Output the full listing exactly as written, with no pictures in it.

Study material section start

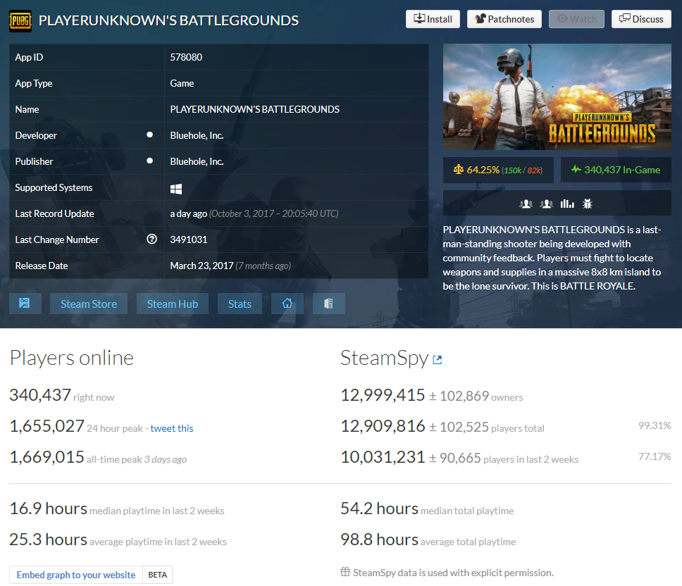 SteamDB is a third-party tool that was made to give better insight into the different applications that Steam has within its database. SteamDB updates in real time the moment that Steam sends its own updates to the Steam client. While SteamDB does not allow data scraping from its own website, it utilized the Steam Web API as well, so the data available on SteamDB can be manually gathered. However, SteamDB is an excellent resource for visualizations of the information given through the API. It contains many different types of graphs and statistics for applications on Steam, such as most played, trending this week, popular releases, price tracking, player count and more. It is a great resource for quick viewing and comparison of counts for specific applications, and it will prove to be useful when we inevitably begin comparing real-time current statistics for applications.
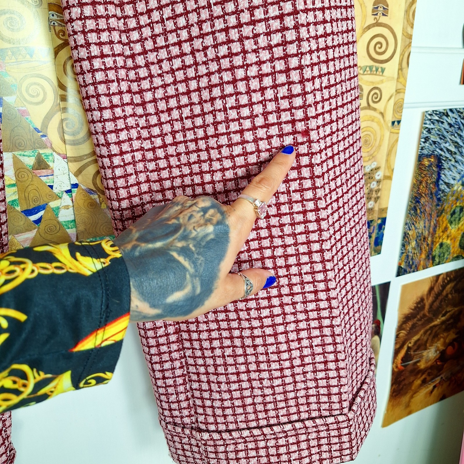как выглядит Vintage 70s High Waist Plaid Pants Womens XS 24x30 Pink Burgundy Disco Hippie фото
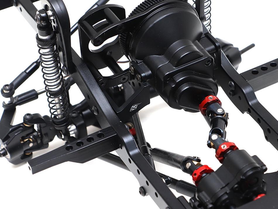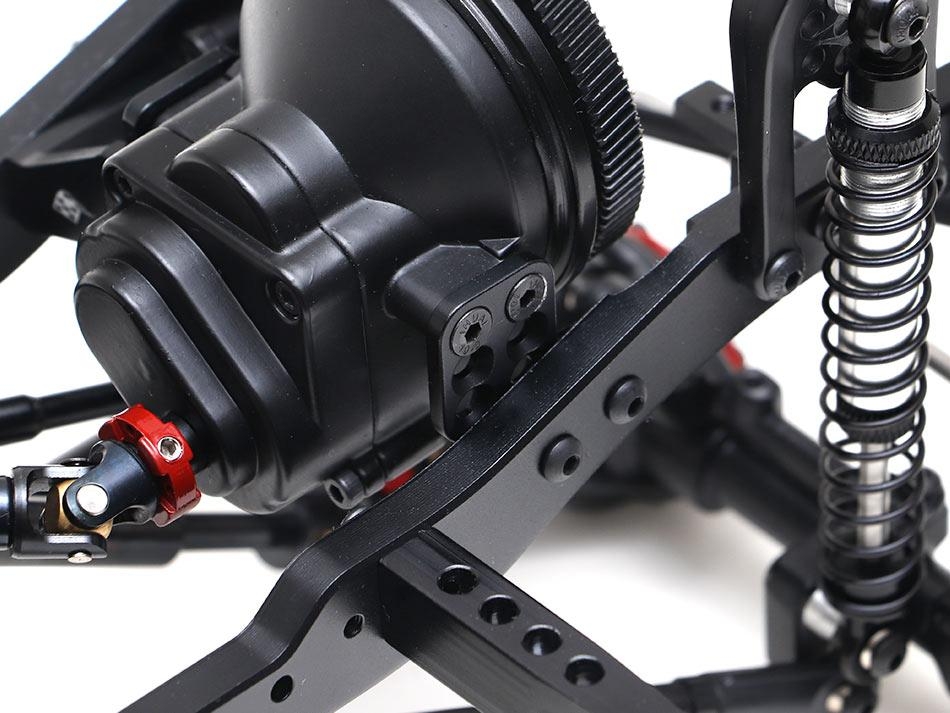 The included adjustable gearbox mount raises the gearbox a little bit higher for more clearance of the upper link and the driveshaft. At the same time it allows you to lower the motor position so that the center of gravity is still in about the same position as the stock position.
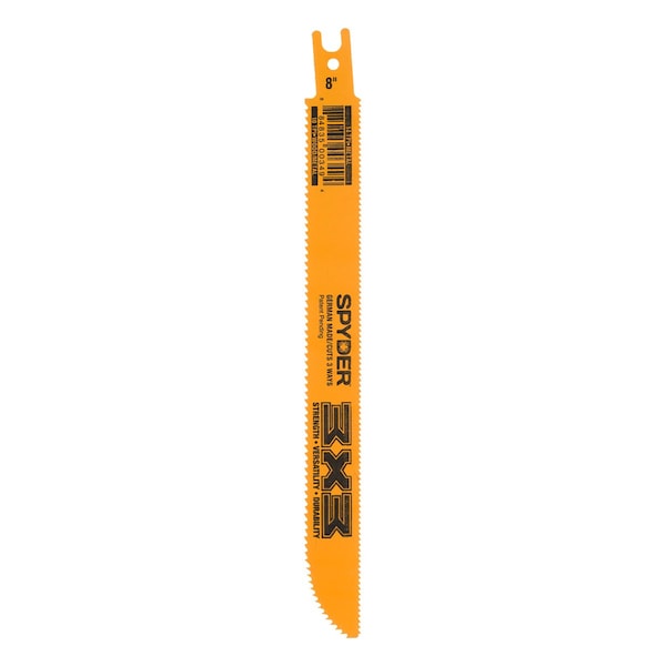 The double-edged Spyder 3X3 reciprocating saw blade lets you make multi-directional cuts without flipping your saw over. 8% Bi-metal cobalt cutting edges power through metals, wood with nails, and demolition tasks without overheating or wearing out. The rounded tip plunge cuts into drywall and other materials for added cutting versatility. Two cutting edges means 2x the life in each 3X3 blade. Exceptional strength, versatility and durability.
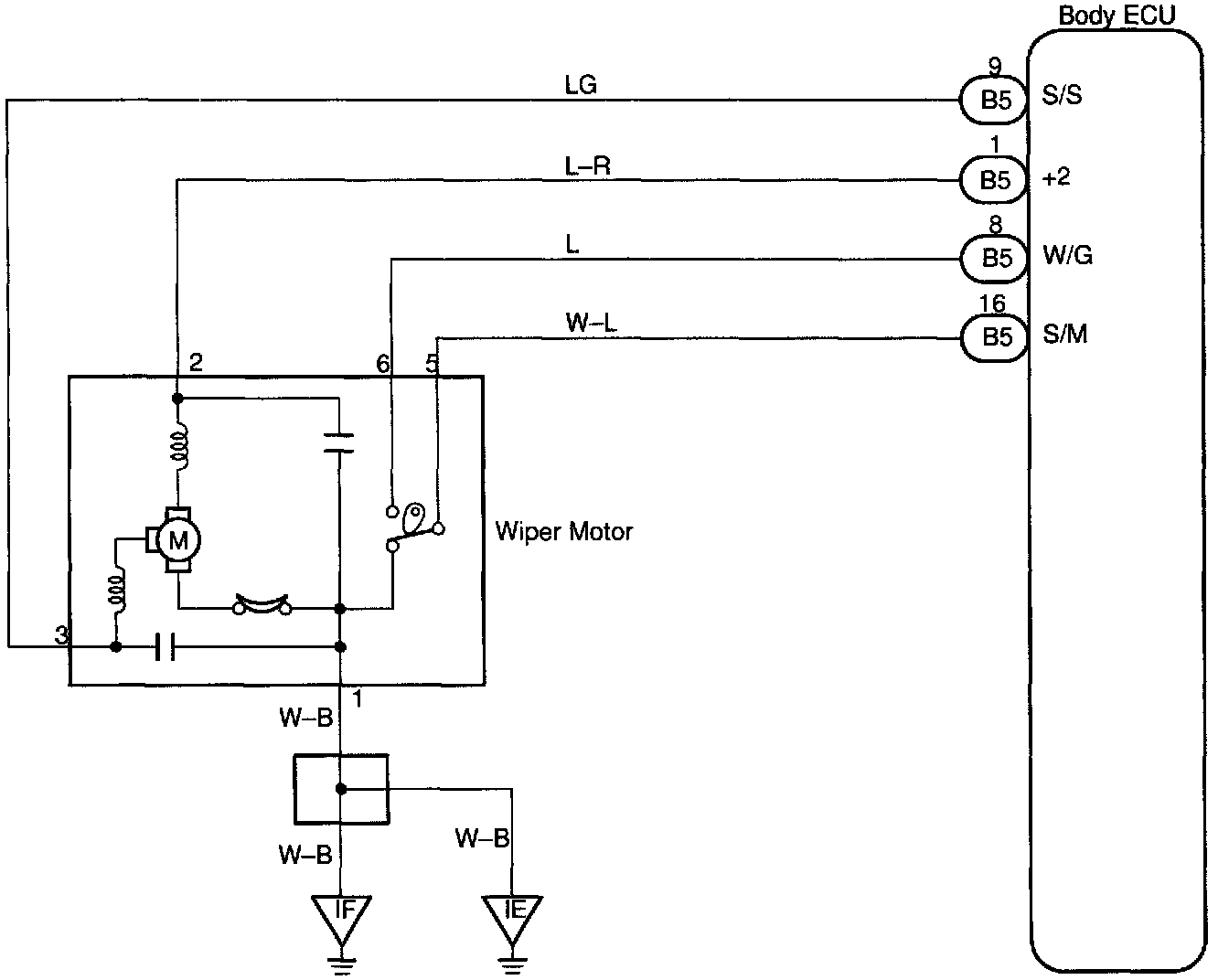 Wiper motor is controlled by the Body ECU. Even CPU is in the failure, its circuit structure enables to operate the wiper with "High" mode.
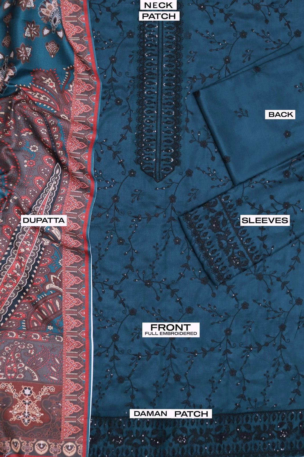 Embroidered neckline and daman patches
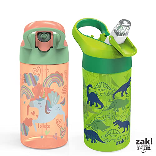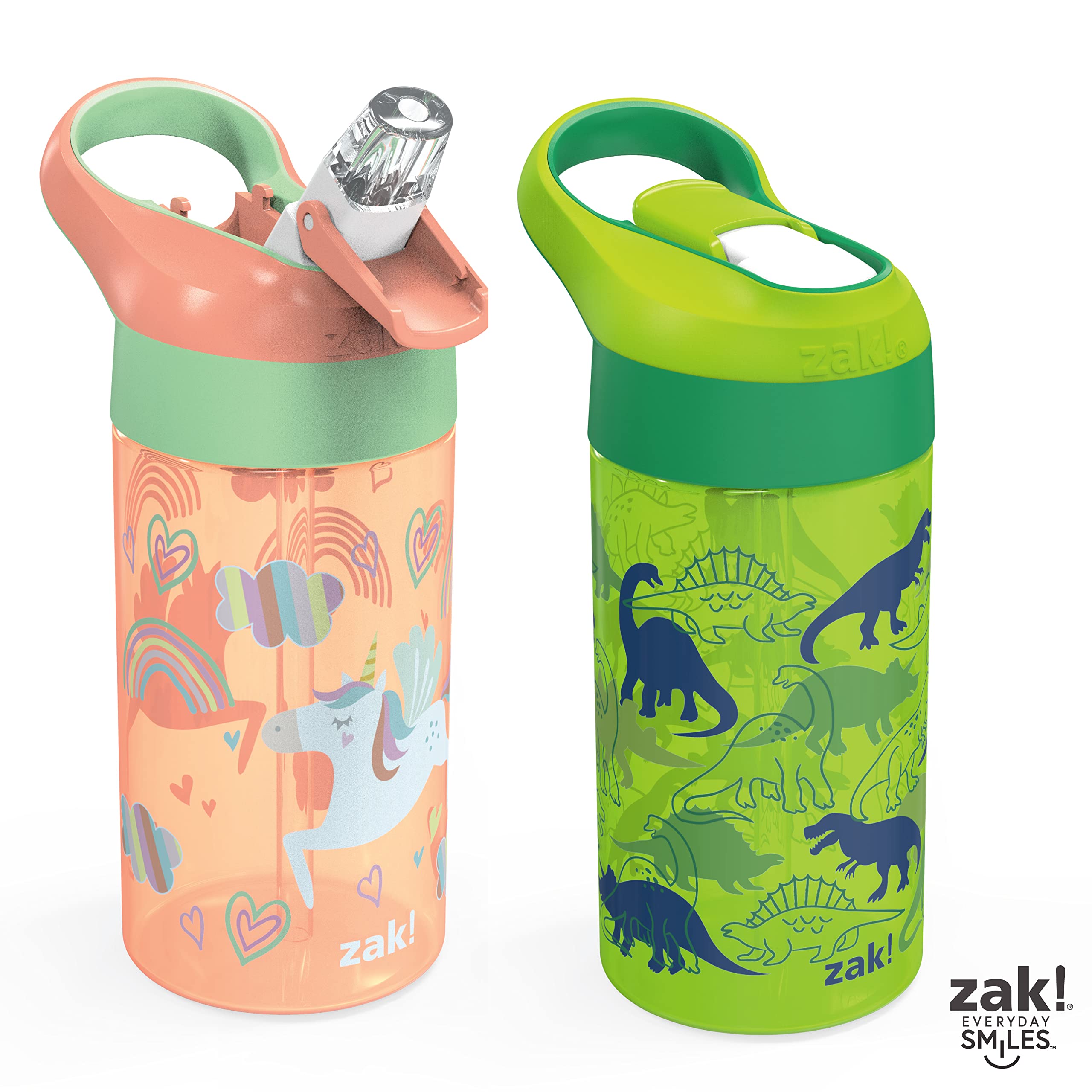 Let kids enjoy hydration with fun water bottles by Zak Designs! Reusable and Durable Material: Reusable water bottles will last wash after wash; good for you and good for the environment! The drinking bottle is made of plastic, which is dishwasher safe and durable enough for kids to use every day. Leak-Proof Lid: The lid screws on securely and won't leak when the spout is closed. A button release to flip up the spout keeps drinks easy to access. On the Go: The water bottle has a built-in carrying loop on the lid for easy transportation and fits in most car cup holders, with a cover to help keep the spout clean. Specifications: Set includes 2 water bottles with different designs. 16 oz capacity. Made of durable plastic. Dishwasher safe, do not microwave. Length: 3.88-inch, Width: 2.83-inch, Height: 7.27-inch. Design: Unicorn and Dino Camo.
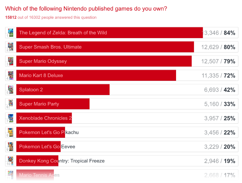 - When asked about which first-party published Nintendo games people owned, over 80% said they had The Legend of Zelda: Breath of the Wild and Super Smash Bros. Ultimate.
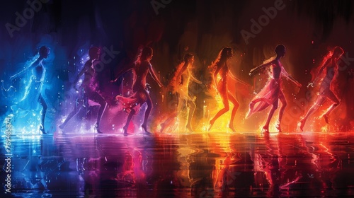 The Musical Number, a dazzling Broadway stage, performers burst into song and dance, Generated AI.
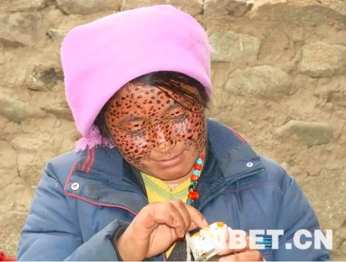 圖為涂擦“安達”的西藏婦女
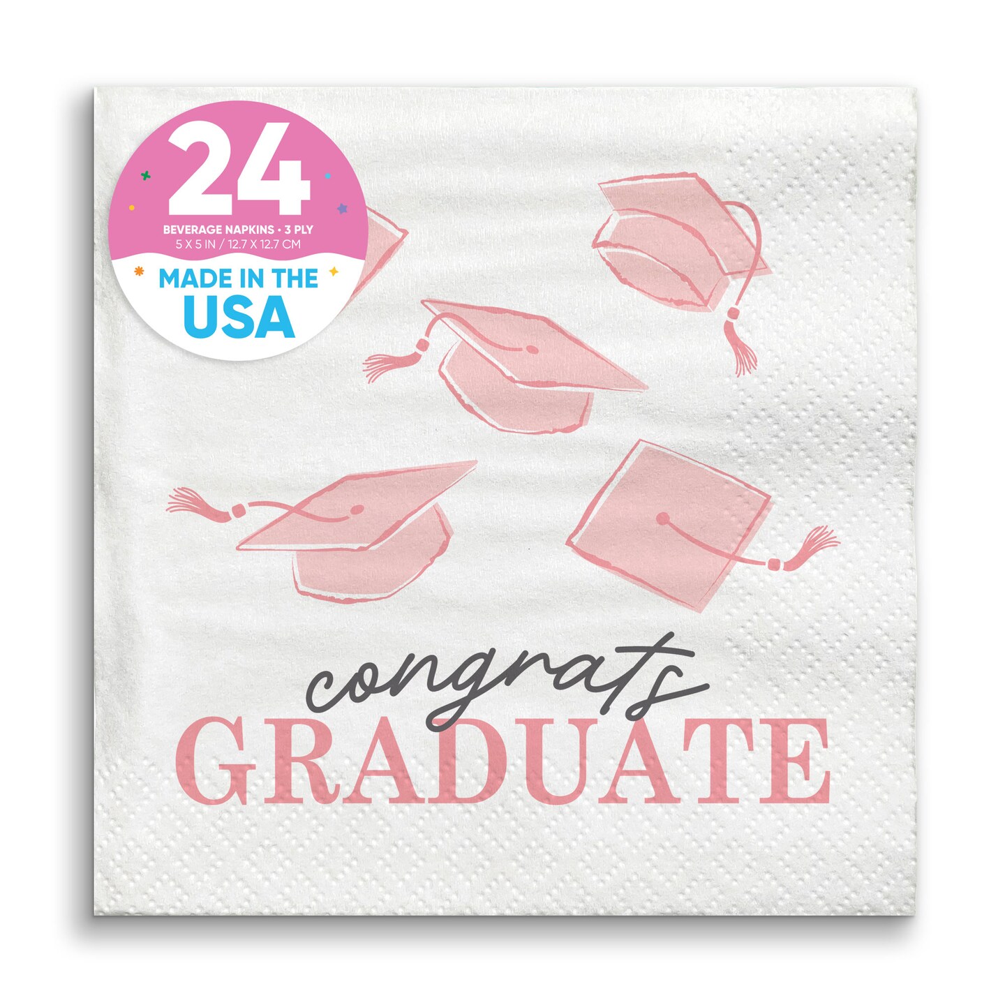 Big Dot of Happiness Pink Graduation Napkins, Congrats Graduate Supplies, Rose Gold Printing on White 3-Ply Paper Beverage Cocktail Napkins - 24 Count

Study material section end

## Response to the task
 SteamDB is a third-party tool that was made to give better insight into the different applications that Steam has within its database. SteamDB updates in real time the moment that Steam sends its own updates to the Steam client. While SteamDB does not allow data scraping from its own website, it utilized the Steam Web API as well, so the data available on SteamDB can be manually gathered. However, SteamDB is an excellent resource for visualizations of the information given through the API. It contains many different types of graphs and statistics for applications on Steam, such as most played, trending this week, popular releases, price tracking, player count and more. It is a great resource for quick viewing and comparison of counts for specific applications, and it will prove to be useful when we inevitably begin comparing real-time current statistics for applications.
как выглядит Vintage 70s High Waist Plaid Pants Womens XS 24x30 Pink Burgundy Disco Hippie фото
 The included adjustable gearbox mount raises the gearbox a little bit higher for more clearance of the upper link and the driveshaft. At the same time it allows you to lower the motor position so that the center of gravity is still in about the same position as the stock position.
 The double-edged Spyder 3X3 reciprocating saw blade lets you make multi-directional cuts without flipping your saw over. 8% Bi-metal cobalt cutting edges power through metals, wood with nails, and demolition tasks without overheating or wearing out. The rounded tip plunge cuts into drywall and other materials for added cutting versatility. Two cutting edges means 2x the life in each 3X3 blade. Exceptional strength, versatility and durability.
 Wiper motor is controlled by the Body ECU. Even CPU is in the failure, its circuit structure enables to operate the wiper with "High" mode.
 Embroidered neckline and daman patches
 Let kids enjoy hydration with fun water bottles by Zak Designs! Reusable and Durable Material: Reusable water bottles will last wash after wash; good for you and good for the environment! The drinking bottle is made of plastic, which is dishwasher safe and durable enough for kids to use every day. Leak-Proof Lid: The lid screws on securely and won't leak when the spout is closed. A button release to flip up the spout keeps drinks easy to access. On the Go: The water bottle has a built-in carrying loop on the lid for easy transportation and fits in most car cup holders, with a cover to help keep the spout clean. Specifications: Set includes 2 water bottles with different designs. 16 oz capacity. Made of durable plastic. Dishwasher safe, do not microwave. Length: 3.88-inch, Width: 2.83-inch, Height: 7.27-inch. Design: Unicorn and Dino Camo.
 - When asked about which first-party published Nintendo games people owned, over 80% said they had The Legend of Zelda: Breath of the Wild and Super Smash Bros. Ultimate.
 The Musical Number, a dazzling Broadway stage, performers burst into song and dance, Generated AI.
 圖為涂擦“安達”的西藏婦女
 Big Dot of Happiness Pink Graduation Napkins, Congrats Graduate Supplies, Rose Gold Printing on White 3-Ply Paper Beverage Cocktail Napkins - 24 Count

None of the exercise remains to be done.